Monday, March 28, 2016

Christ is risen, and spring has sprung: a farm update in pictures

It has been awhile since our last posting, and spring has now sprung here in North Carolina. What is going on here at Kleinshire during Easter week? After a weekend of adventures in Balitmore, we are back at the farm and getting to work. Here’s an update in pictures:

Spring planting is currently underway. There are three rows of peas beginning to appear, and just today we put up some string for the peas to climb.

Three rows of peas

One little pea plant contra mundum.

We also have a nice row or two of lettuce and mustard starting to grow.

A little tang of mustard for the summer salads.

There are several rows of onions establishing themselves toward the middle of the garden.

We are hoping that the mulch helps to keep the weeks from choking out the onions, as happened last year.

There are also some carrot, radish, and cucumber seeds in the ground that have yet to make their appearance. By the end of the week, melons, tomato seedlings, and more cucumbers will be in the ground. We are off to a good start so long as we can stay ahead of the weeds.

On the animal front, we have nearly two dozen broiler chicks who just moved from the garage to their coop. There is one little Speckled Sussex as well, the lone survivor of the heritage breed chicks after this most recent batch of chicks spent an extra day in transit. 

Chickens checking out their new surroundings.

The three-month-old doelings were separated from their mothers today, a traumatic occurrence that also led to some emergency fence repair. Alas, the two escapees practically drained their mothers of milk within minutes. The fence appears secure now, and tomorrow we should have all the milk for ourselves.

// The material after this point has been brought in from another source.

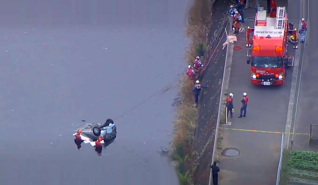 Según la policía, una llamada al teléfono 110 de emergencias reportó que un automóvil plateado había caído al río Sakai que atraviesa la ciudad de Fujisawa.

Eva and Ruth, the two of Caroline's doelings that we retained.

Neither mothers nor babies are very happy with the separation.

Ouch, that udder doesn't feel so good without a kid on it during the day!

Lucia and her doeling, born a few weeks ago, are doing well. She is a spunky little thing who still needs some taming. Her legs straightened out very nicely, and now we’re trying to decide if she might be one we keep for our own herd.

Lucia and her beautiful doeling. Still no name.

Dreamer and Belle, our two full-sized goats, are both due to kid within the next week or two. Dreamer’s ligaments are nearly gone and her udder is starting to fill, so she might go any day now.

Dreamer and Belle, mothers-to-be

Dreamer's udder is filling out nicely. She alone should be able to produce as much milk as we drink.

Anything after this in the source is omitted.